[Data provided]
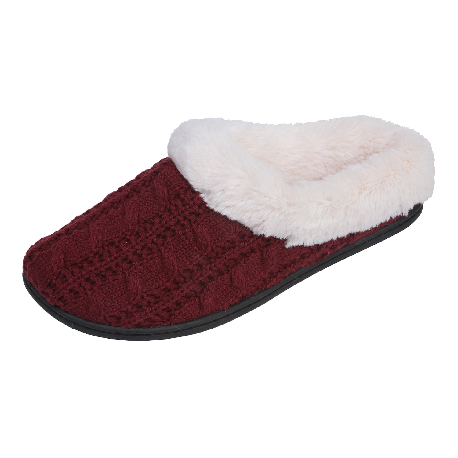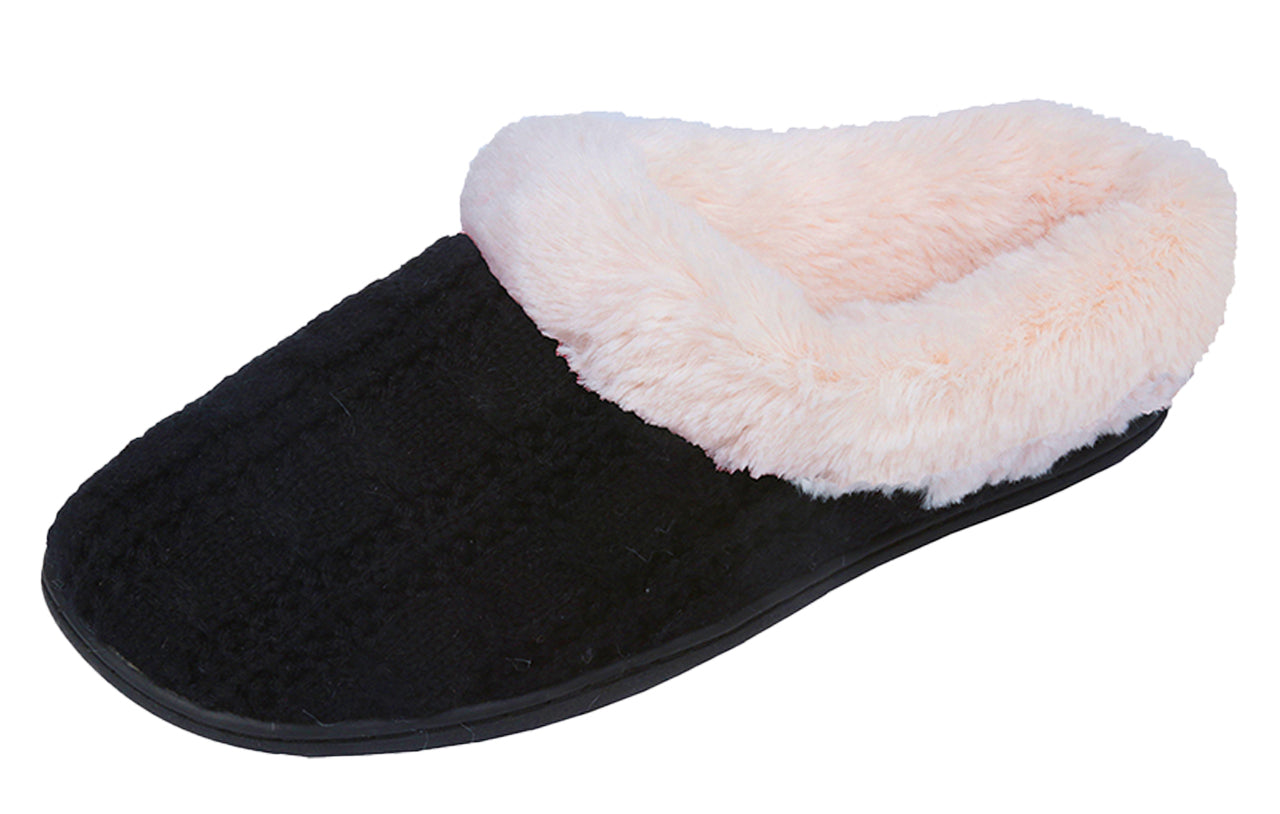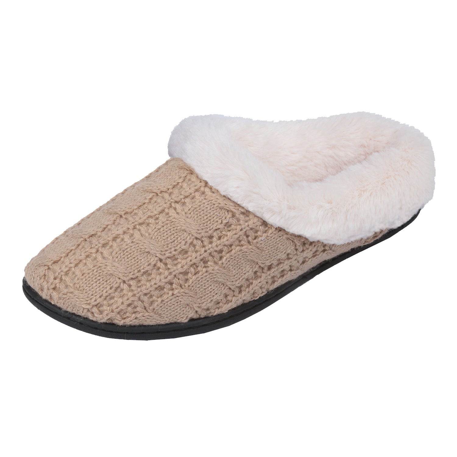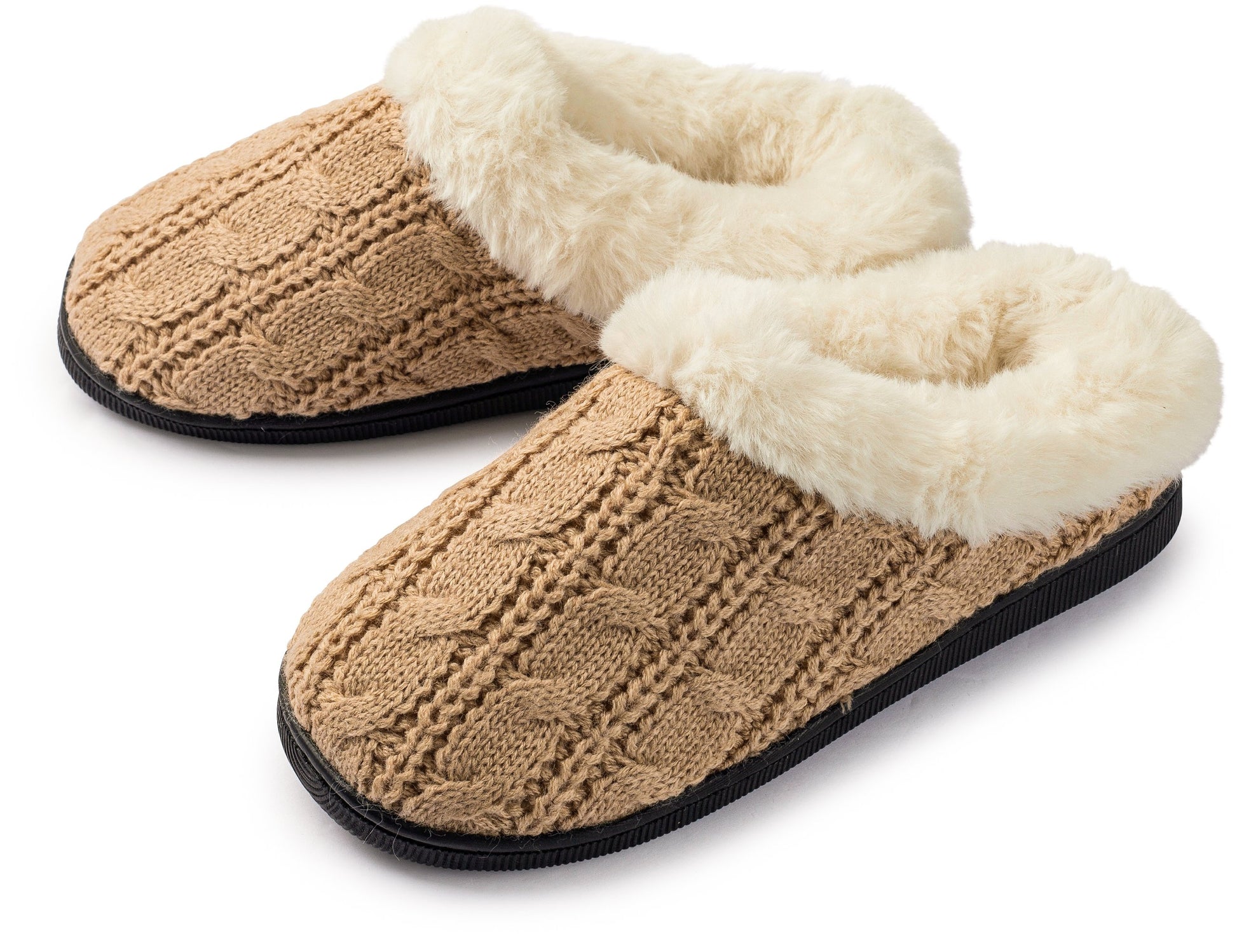 Features: -Cable Knit upper for a plush, elegant and delicate touch. -Textured out-sole for durability & traction; High density EVA sole, soft and lightweight. -Cushioned foot bed molds to the foot for a perfect fit; great for wearing all day long. -Great for indoor and outdoor use. -Very comfortable and always trendy. -Super comfy fleece insole. -Durable rubber sole for long lasting comfort.
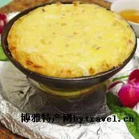 鐵鍋蛋是河南一種古老的傳統(tǒng)名小吃。據(jù)傳始創(chuàng)于明清時期,當(dāng)時一家河南菜館的廚師,為了增加雞蛋菜肴的風(fēng)味,把蛋液打勻后,加入蝦米、肉丁、香菇丁和鮮湯等調(diào)和,放入特制的鐵鍋內(nèi),煮至半熟時,再用燒紅的鐵鍋蓋蓋在上面烘烤,使蛋料膨脹熟透。 鐵鍋蛋的特色:色澤鮮艷,松嫩鮮香。 鐵鍋蛋的做法:1、將雞蛋磕入大碗內(nèi)打勻,放入各種原料和調(diào)料再打勻,加入鮮湯繼續(xù)打勻,倒入特制的鐵鍋內(nèi)。特制的鐵鍋蓋放在火上燒紅待用。2、鐵鍋置小火上,蛋漿中注入熟豬油,用鐵勺慢慢地推動,以免粘鍋。待蛋料八成熟時,淋入熟豬油少許,用火鉤鉤住燒紅的鍋蓋,蓋在鐵鍋上,使蛋料脹至有光澤,烤至紅、黃色。3、取搪瓷盤一個,里邊墊上青菜葉,加入香醋。然后揭開鍋蓋,將“鐵鍋蛋”盛入搪瓷盤內(nèi)的菜葉上即成。 制作要領(lǐng):1、打蛋液時要朝一個方向攪打上漿;2、鐵鍋烘烤蛋料時要用微火,以免烤焦煳。
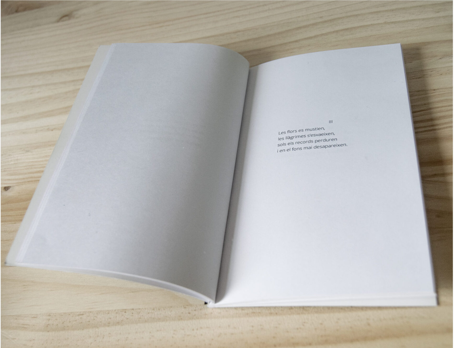 El diseño interior ha sido un diseño tipificado, cada poema con su numeración romana, en una página en blanco sin ornamentación, solo para centrarse en la palabra, para transmitir los sentimientos que contienen las palabras escritas.
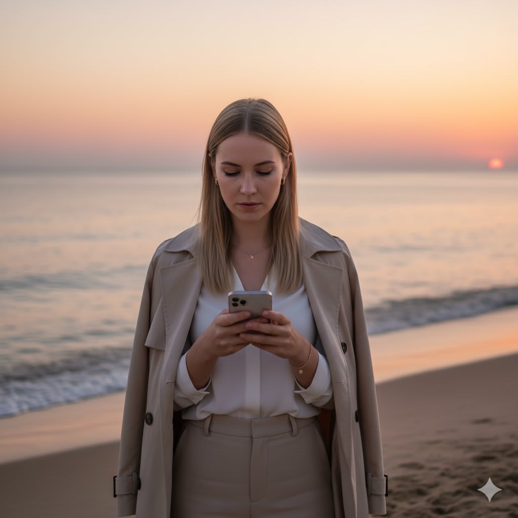 Her fair skin is kissed by the golden light of the setting sun, and the glow from her phone screen softly illuminates her focused face. The entire scene captures a peaceful moment of quiet connection, blending natural beauty with refined style against the serene backdrop of the beach at sunset."

[Task to carry out]
Retype the whole listing. Keep every word exact but include no pictures.

[Response below]
 Features: -Cable Knit upper for a plush, elegant and delicate touch. -Textured out-sole for durability & traction; High density EVA sole, soft and lightweight. -Cushioned foot bed molds to the foot for a perfect fit; great for wearing all day long. -Great for indoor and outdoor use. -Very comfortable and always trendy. -Super comfy fleece insole. -Durable rubber sole for long lasting comfort.
 鐵鍋蛋是河南一種古老的傳統(tǒng)名小吃。據(jù)傳始創(chuàng)于明清時期,當(dāng)時一家河南菜館的廚師,為了增加雞蛋菜肴的風(fēng)味,把蛋液打勻后,加入蝦米、肉丁、香菇丁和鮮湯等調(diào)和,放入特制的鐵鍋內(nèi),煮至半熟時,再用燒紅的鐵鍋蓋蓋在上面烘烤,使蛋料膨脹熟透。 鐵鍋蛋的特色:色澤鮮艷,松嫩鮮香。 鐵鍋蛋的做法:1、將雞蛋磕入大碗內(nèi)打勻,放入各種原料和調(diào)料再打勻,加入鮮湯繼續(xù)打勻,倒入特制的鐵鍋內(nèi)。特制的鐵鍋蓋放在火上燒紅待用。2、鐵鍋置小火上,蛋漿中注入熟豬油,用鐵勺慢慢地推動,以免粘鍋。待蛋料八成熟時,淋入熟豬油少許,用火鉤鉤住燒紅的鍋蓋,蓋在鐵鍋上,使蛋料脹至有光澤,烤至紅、黃色。3、取搪瓷盤一個,里邊墊上青菜葉,加入香醋。然后揭開鍋蓋,將“鐵鍋蛋”盛入搪瓷盤內(nèi)的菜葉上即成。 制作要領(lǐng):1、打蛋液時要朝一個方向攪打上漿;2、鐵鍋烘烤蛋料時要用微火,以免烤焦煳。
 El diseño interior ha sido un diseño tipificado, cada poema con su numeración romana, en una página en blanco sin ornamentación, solo para centrarse en la palabra, para transmitir los sentimientos que contienen las palabras escritas.
 Her fair skin is kissed by the golden light of the setting sun, and the glow from her phone screen softly illuminates her focused face. The entire scene captures a peaceful moment of quiet connection, blending natural beauty with refined style against the serene backdrop of the beach at sunset."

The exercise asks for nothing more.